On their part, the British colonial authorities and scholars ranging from C.H. Philips to Francis Robinson usually asserted that as Jinnah and the Congress leaders were at loggerheads with regard to the future of India, Partition became unavoidable. Therefore they assert that the British, whose official policy was to maintain Indian unity, had no role in dividing India. A few among them thought that Jinnah was actually using the Pakistan slogan as a bargaining manoeuvre to extract more concessions for Muslims within a united India.

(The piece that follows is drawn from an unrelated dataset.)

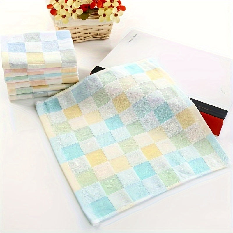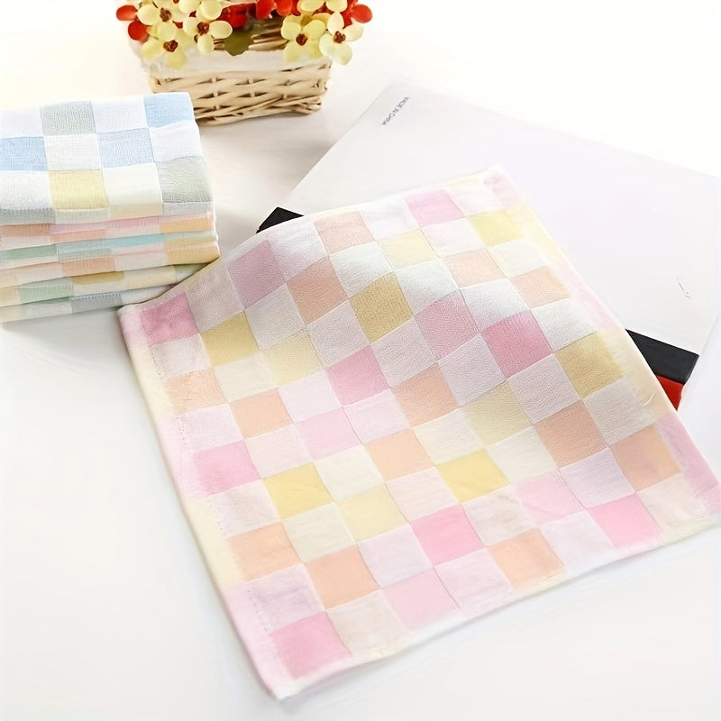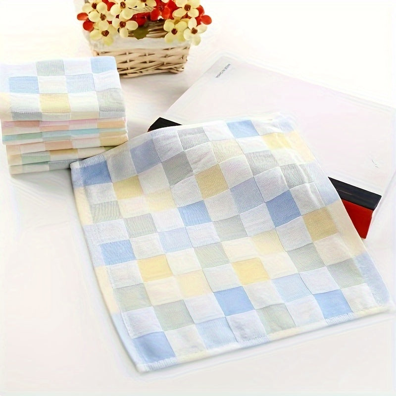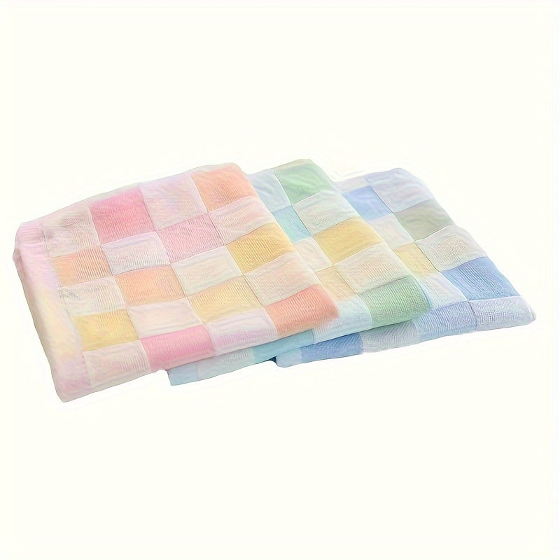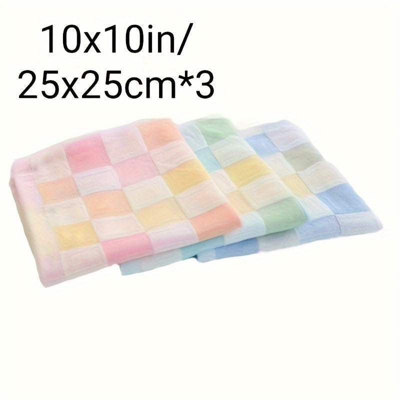 Три хлопковые марлевые полотенца в клетчатом дизайне, изготовленные из 100% легкой трикотажной ткани с современным мультяшным мотивом. Каждое полотенце имеет размер 25,4x25,4 см и плотность 30 г/м². Рекомендуется ручная стирка.

It is obvious that most British scholars, if not all, conditioned by their national history and interests have a marked tendency to put the entire blame for the Partition of India on the Hindu and Muslim leaders as if the then British authorities had no role in bringing about the Partition. They had never raised an accusing or even a critical finger on any British leader or British Indian colonial authority for causing the Partition of India to happen. Therefore, for a neutral historian like me it will not be judicious to rely on them to give an accurate account of what happened for the Pakistan demand and the Partition to come about.

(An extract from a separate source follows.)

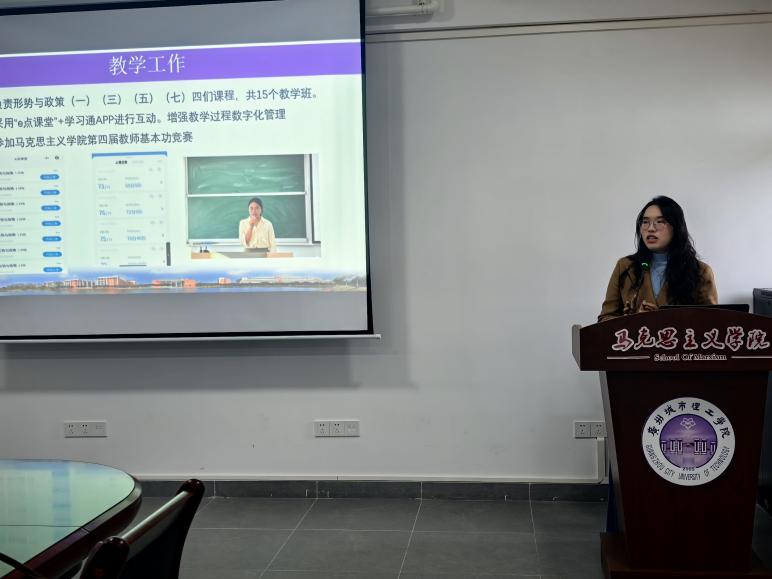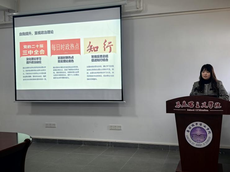 在年度述职报告环节,多位老师分享了形势与政策课程教学中的经验与成果。文涵老师提到,通过运用多样化教学手段,如小组合作学习、情境模拟等,有效提升了学生的学习兴趣和团队协作能力,课堂参与度显著提高,教学效果得到明显改善。同时,老师们紧跟时事热点,将最新动态融入课堂,引导学生正确认识国家发展大局,增强了社会责任感与使命感。

The protagonists of Jinnah, especially from Pakistan or of Pakistani origin see in Jinnah a man of impeccable character and indomitable will, combined with great political wisdom and acumen. They credit him for his extraordinary tactical moves, which to them were all part of a master plan. It is a matter of great pride for them to assert that Jinnah single-handedly braved top veteran Congress leaders like Mahatma Gandhi, Jawaharlal Nehru, C. Rajagopalachari, and Vallabhbhai Patel. He also courageously faced the British colonial authorities in order to achieve his Pakistan, which turned out to be the largest Muslim nation in the world and that too within a short span of seven years. For Aga Khan, the Imam of the Ismailis, Jinnah, the Gujarati Khoja, was the most remarkable man that the world had produced, far greater than Clemenceau, Lloyd George, Churchill, Curzon, Mussolini, and Mahatma Gandhi in strength of character and statecraft.' For the protagonists of Jinnah, it is simply impossible to imagine that Jinnah would have gone wrong in his calculations with regard to Pakistan.
Besides, the scholars from Pakistan generally did not accept the Indian argument of the 'Divide and Rule' policy of the British, for it belittled the stature of Jinnah and their belief in his brilliant strategy and tenacity in obtaining Pakistan, outwitting both the Congress leaders and the British. They would not even admit the existence of a combined Indian nationalism of the Hindus and the Muslims in British India. Instead, they saw in Jinnah an extremely skilful negotiator and expert constitutionalist right from the beginning.' For most of these scholars from Pakistan or of Pakistani origin, Jinnah was almost infallible in his words and actions and his strategy to obtain Pakistan was impeccable.